# Dont it make you crazy



## mysteryscribe (Apr 8, 2006)

when the cameras you used to make a living, and considered state of th art, are now considered vintage.

I consider vintage 1930 or maybe pre ww2 and earlier, but I see references to mamiya 330 and rollie as vintage.  My god I remember shooting my first wedding with a rolliecord.  As a matter of fact it is worth the same thing now as when I bought it used in 1968.

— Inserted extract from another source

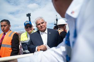 (251219) -- CIUDAD DE PANAMA, 19 diciembre, 2025 (Xinhua) -- Imagen cedida por el Consorcio Panamá Cuarto Puente del 18 de diciembre de 2025 del presidente panameño, José Raúl Mulino (d), conversando con trabajadores durante un recorrido en el sitio de construcción del cuarto puente sobre el Canal de Panamá, en la Ciudad de Panamá, capital de Panamá. Mulino destacó el avance del 30 por ciento que registran hasta el momento las obras del cuarto puente sobre el Canal de Panamá, una infraestructura clave que conectará la capital con el oeste del país. (Xinhua/Consorcio Panamá Cuarto Puente) (oa) (ra) (vf)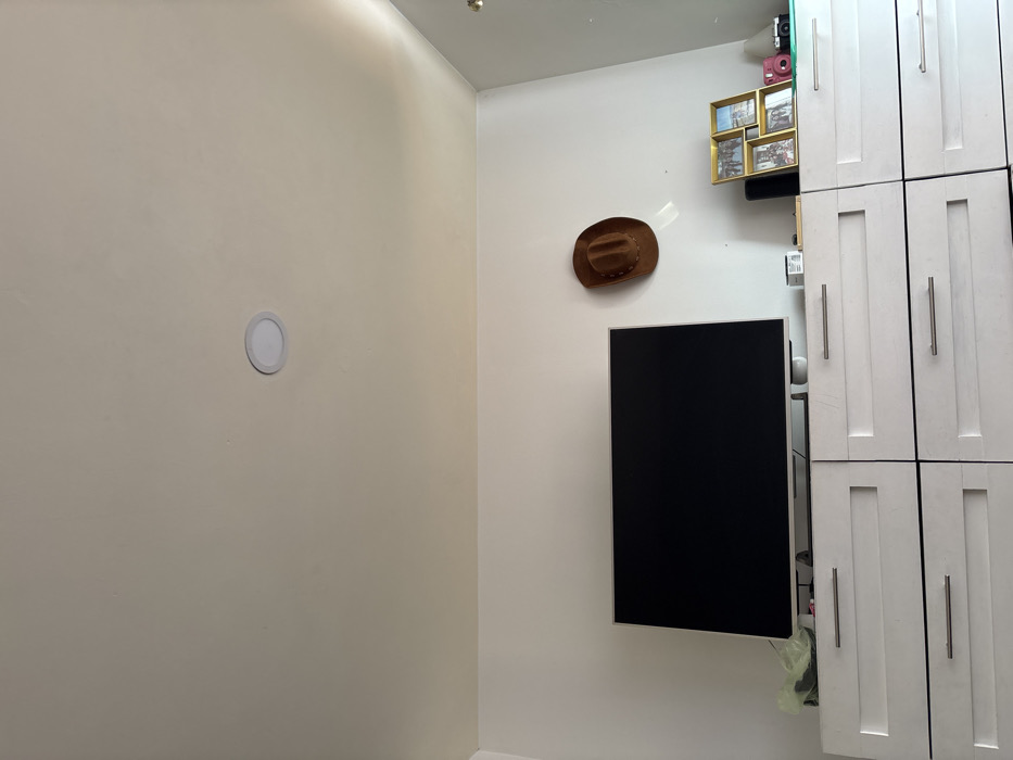 The scene depicts an interior room located in San Andrés Cholula, Mexico. The perspective is directed upwards, showcasing a light-colored ceiling with a single circular recessed light fixture. Below the ceiling, the upper two-thirds of a white wall are visible. A large, dark-screened flat-panel television is centrally positioned, resting on a white dresser. The television screen is off. To the right of the television, a brown cowboy hat with visible stitching is hung on the white wall. The white dresser below the television consists of two tiers of drawers with silver horizontal pull handles. The top tier features two narrower drawers on the left and right, while the bottom tier presents two wider drawers directly beneath them, creating a total of six visible drawers. On the dresser's surface, to the left of the television, a partially visible light green plastic bag or cloth is present. To the right of the television, various objects are arranged: a white cylindrical item, a small black rectangular device, a gold-colored multi-frame containing several photographs, a white conical object, a light pink instant camera, and a small light green rectangular object. No individuals are present in the image, and no active interactions are depicted.

Anyway I find it interesting... I guess it's like what age do you consider people old.


----------



## Mitica100 (Apr 15, 2006)

mysteryscribe said:
			
		

> when the cameras you used to make a living, and considered state of th art, are now considered vintage.
> 
> I consider vintage 1930 or maybe pre ww2 and earlier, but I see references to mamiya 330 and rollie as vintage. My god I remember shooting my first wedding with a rolliecord. As a matter of fact it is worth the same thing now as when I bought it used in 1968.
> 
> Anyway I find it interesting... I guess it's like what age do you consider people old.


 
Yeah, not even mentioning the Canon A1 series of 20+ years ago. They go as 'collectible' now.:roll: 

Well, one would say a real 'collectible/antique camera' should be at least 50 years unless, of course, comes from a very small run or is a prototype. Alas, not all 50+ years cameras are collectible, for the box cameras of yesteryear are a dime a dozen. I still have a nice Zeiss Baby Tengor metal box camera from the 30s which I don't consider it highly collectible by any means.


----------